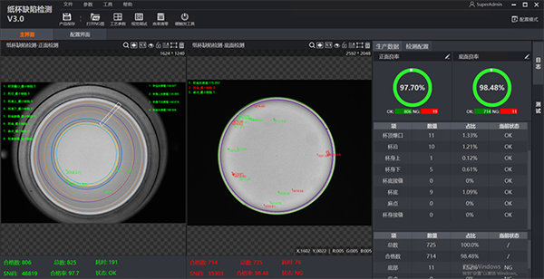 在某纸杯生产厂缺陷检测项目中,现场使用“1拖2”方案实现杯内壁和杯底的缺陷检测,实时显示每个纸杯口部、纸杯底部缺陷,操作人员一目了然。检测结果由IO信号输出,有效进行分类剔除,大幅提升生产效率。
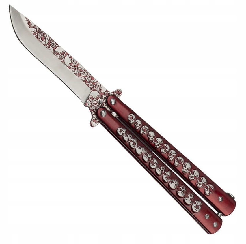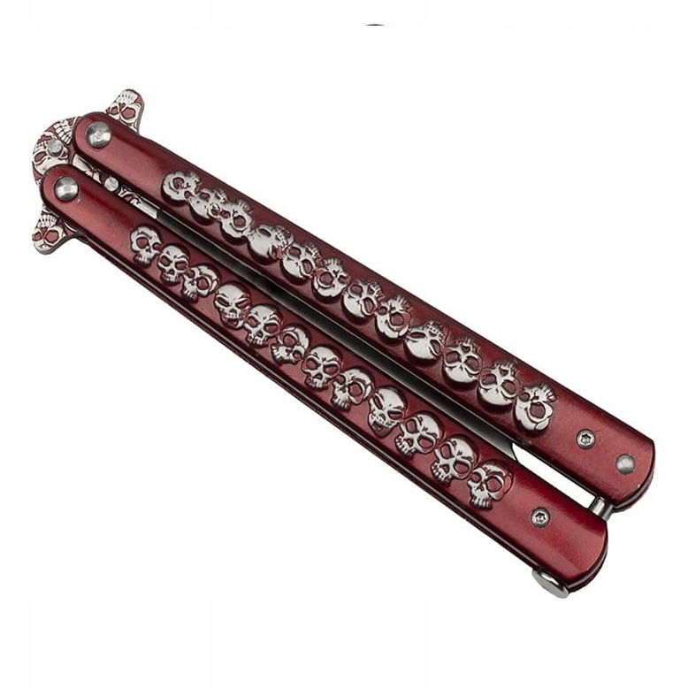 Металева рукоятка червоного металічного кольору , має класичну для ножів форму леза-метелика.
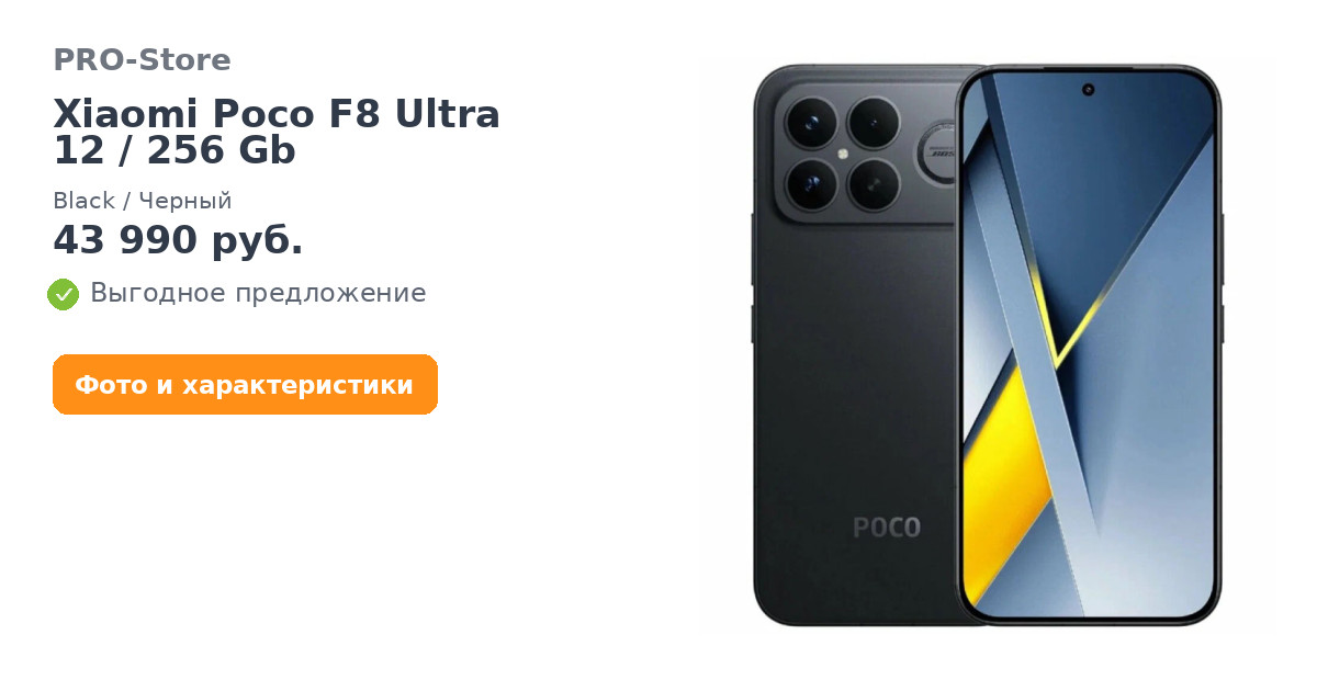 Смартфон Xiaomi Poco F8 Ultra 12/256 Gb, Black/Черный
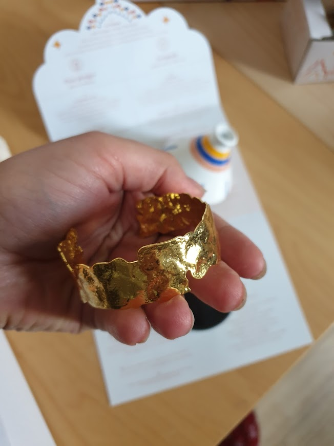 Une jolie manchette dorée aux effets un peu “cabossés”. Très sobre, il viendra facilement accompagné les petites robes légères qu’on espère bientôt porter !
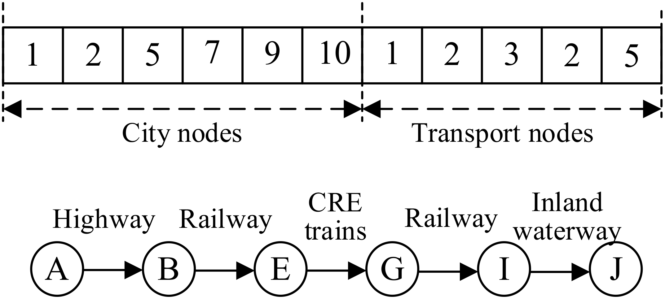 In recent years, research on multimodal transportation route optimization has been continually advancing. Qi (2024) developed a multi-objective route optimization model for rural cold chain logistics in multi-temperature zones, balancing transportation costs, carbon emissions, refrigeration energy consumption, and service quality, making it suitable for small-scale fresh goods. Yang et al. (2024) addressed differences in cargo time sensitivity by introducing mixed time window constraints and designed a bi-level genetic algorithm to optimize container transportation routes, enhancing the model’s adaptability to heterogeneous cargo demands. Huang et al. (2025) developed a multi-objective model considering both transportation costs and time based on Shanghai Port and its hinterland, optimizing the hinterland port access routes using an improved particle swarm algorithm. Ma et al. (2023b) adopted uncertain programming methods to address cross-border transportation under uncertain demand, incorporating factors such as carbon taxes, customs fees, and inland port location selection, and designed a cross-border multimodal transport network model.
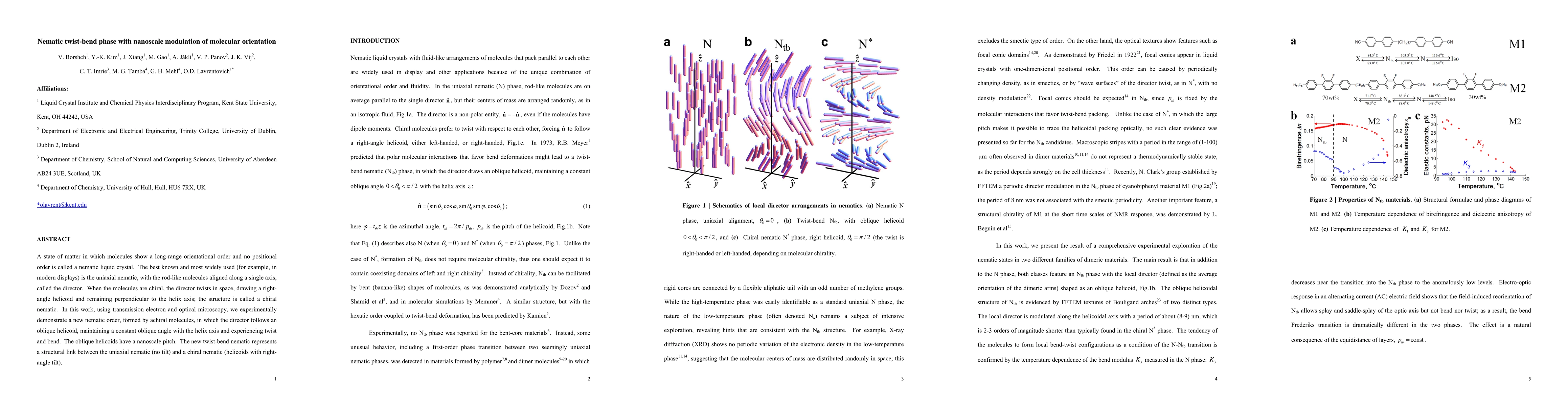 This research introduces a novel twist-bend nematic phase characterized by achiral molecules exhibiting an oblique helicoid structure with a nanoscale pitch, bridging the structural gap between uniaxial nematic and chiral nematic phases. The findings are demonstrated using advanced transmission electron and optical microscopy techniques.
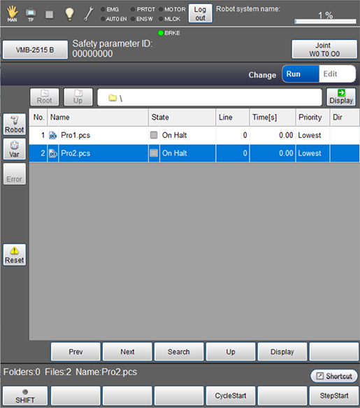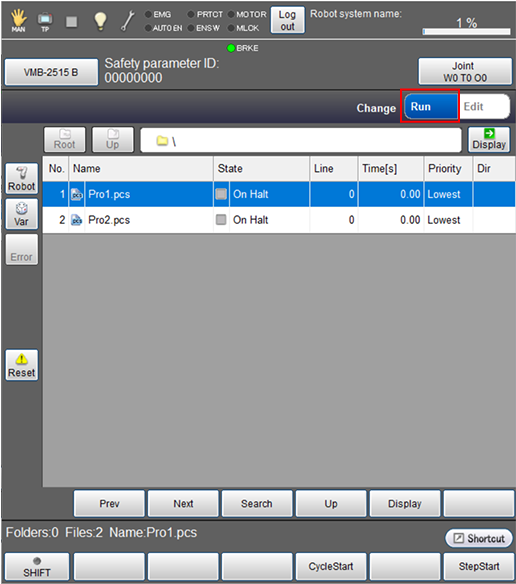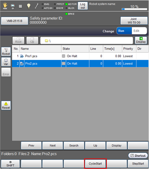 Run the program for one cycle in order to check the robot motion.
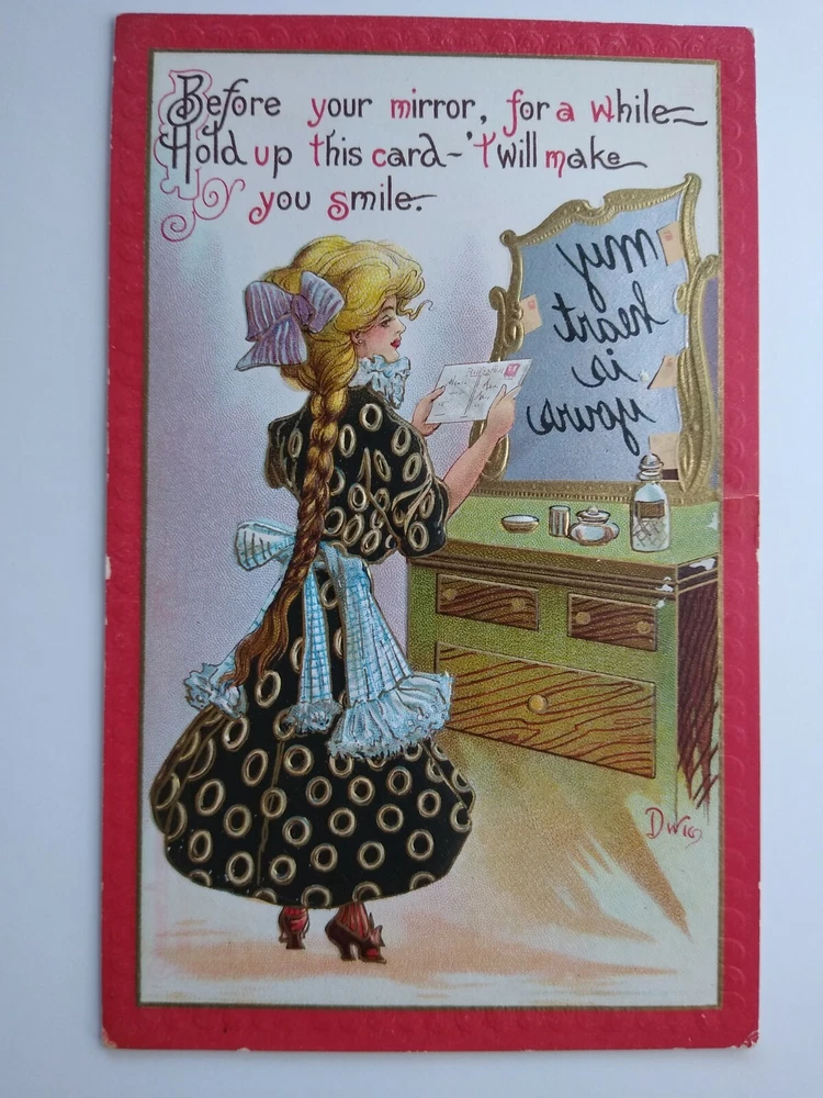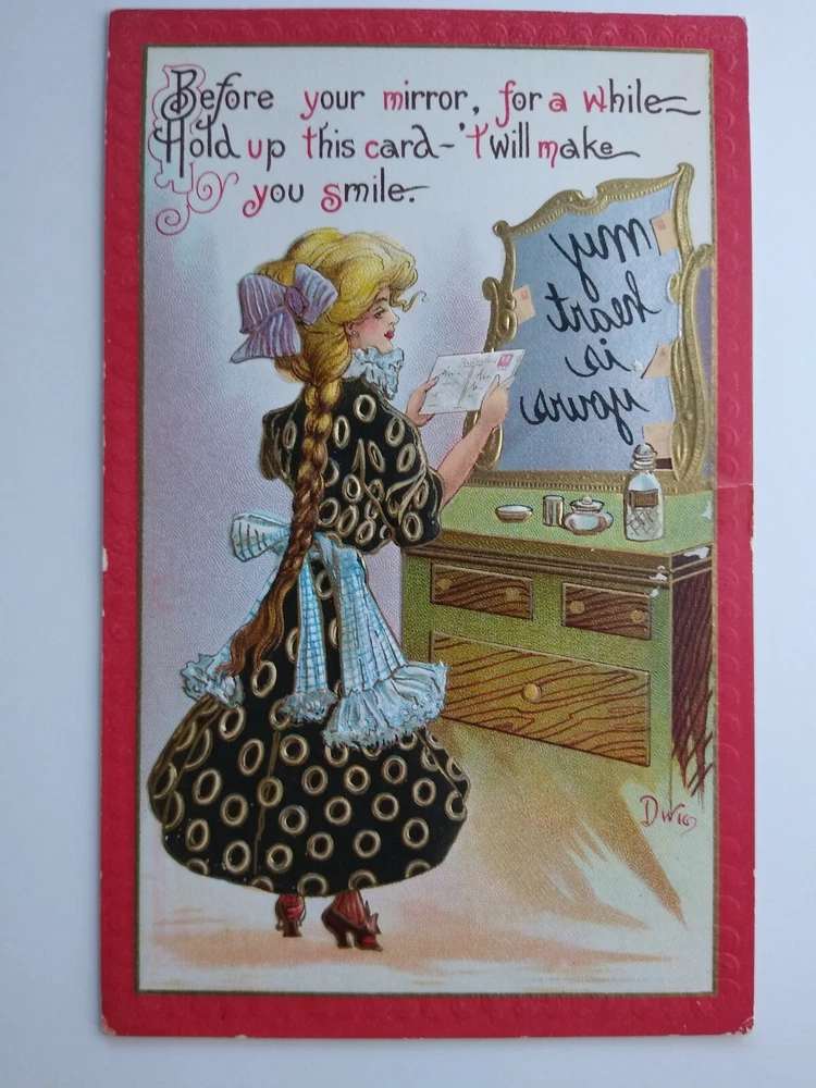 Victorian Postcard Blonde Witch Magic Mirror Dwig Series 30 My Heart Is Yours Original Antique non posted vintage original embossed fantasy postcard. Has edge crease and corner wear. Back has some wear. Artist signed Dwig on bottom. Printed in Germany. Ser. 30 on back. Stock #fan17. Additional vintage Halloween, Santa, Christmas, holiday postcards, are in our store. SHIPPING Bundle and save by using cart and making single payment. International buyers are responsible for any import fees/taxes. ABOUT US Seller of vintage ephemera, collectibles, retro gifts, advertising, artwork, vinyl records, pinball and arcade game flyers and parts, Mad magazines, antique Halloween & holiday postcards, Christmas items, super hero memorabilia, horror themed art, fun stuff. Combine to save by using the cart!

++++

Assignment: Word for word, write out each line of the records, but leave the pictures behind.

Answer box:
 在某纸杯生产厂缺陷检测项目中,现场使用“1拖2”方案实现杯内壁和杯底的缺陷检测,实时显示每个纸杯口部、纸杯底部缺陷,操作人员一目了然。检测结果由IO信号输出,有效进行分类剔除,大幅提升生产效率。
 Металева рукоятка червоного металічного кольору , має класичну для ножів форму леза-метелика.
 Смартфон Xiaomi Poco F8 Ultra 12/256 Gb, Black/Черный
 Une jolie manchette dorée aux effets un peu “cabossés”. Très sobre, il viendra facilement accompagné les petites robes légères qu’on espère bientôt porter !
 In recent years, research on multimodal transportation route optimization has been continually advancing. Qi (2024) developed a multi-objective route optimization model for rural cold chain logistics in multi-temperature zones, balancing transportation costs, carbon emissions, refrigeration energy consumption, and service quality, making it suitable for small-scale fresh goods. Yang et al. (2024) addressed differences in cargo time sensitivity by introducing mixed time window constraints and designed a bi-level genetic algorithm to optimize container transportation routes, enhancing the model’s adaptability to heterogeneous cargo demands. Huang et al. (2025) developed a multi-objective model considering both transportation costs and time based on Shanghai Port and its hinterland, optimizing the hinterland port access routes using an improved particle swarm algorithm. Ma et al. (2023b) adopted uncertain programming methods to address cross-border transportation under uncertain demand, incorporating factors such as carbon taxes, customs fees, and inland port location selection, and designed a cross-border multimodal transport network model.
 This research introduces a novel twist-bend nematic phase characterized by achiral molecules exhibiting an oblique helicoid structure with a nanoscale pitch, bridging the structural gap between uniaxial nematic and chiral nematic phases. The findings are demonstrated using advanced transmission electron and optical microscopy techniques.
 Run the program for one cycle in order to check the robot motion.
 Victorian Postcard Blonde Witch Magic Mirror Dwig Series 30 My Heart Is Yours Original Antique non posted vintage original embossed fantasy postcard. Has edge crease and corner wear. Back has some wear. Artist signed Dwig on bottom. Printed in Germany. Ser. 30 on back. Stock #fan17. Additional vintage Halloween, Santa, Christmas, holiday postcards, are in our store. SHIPPING Bundle and save by using cart and making single payment. International buyers are responsible for any import fees/taxes. ABOUT US Seller of vintage ephemera, collectibles, retro gifts, advertising, artwork, vinyl records, pinball and arcade game flyers and parts, Mad magazines, antique Halloween & holiday postcards, Christmas items, super hero memorabilia, horror themed art, fun stuff. Combine to save by using the cart!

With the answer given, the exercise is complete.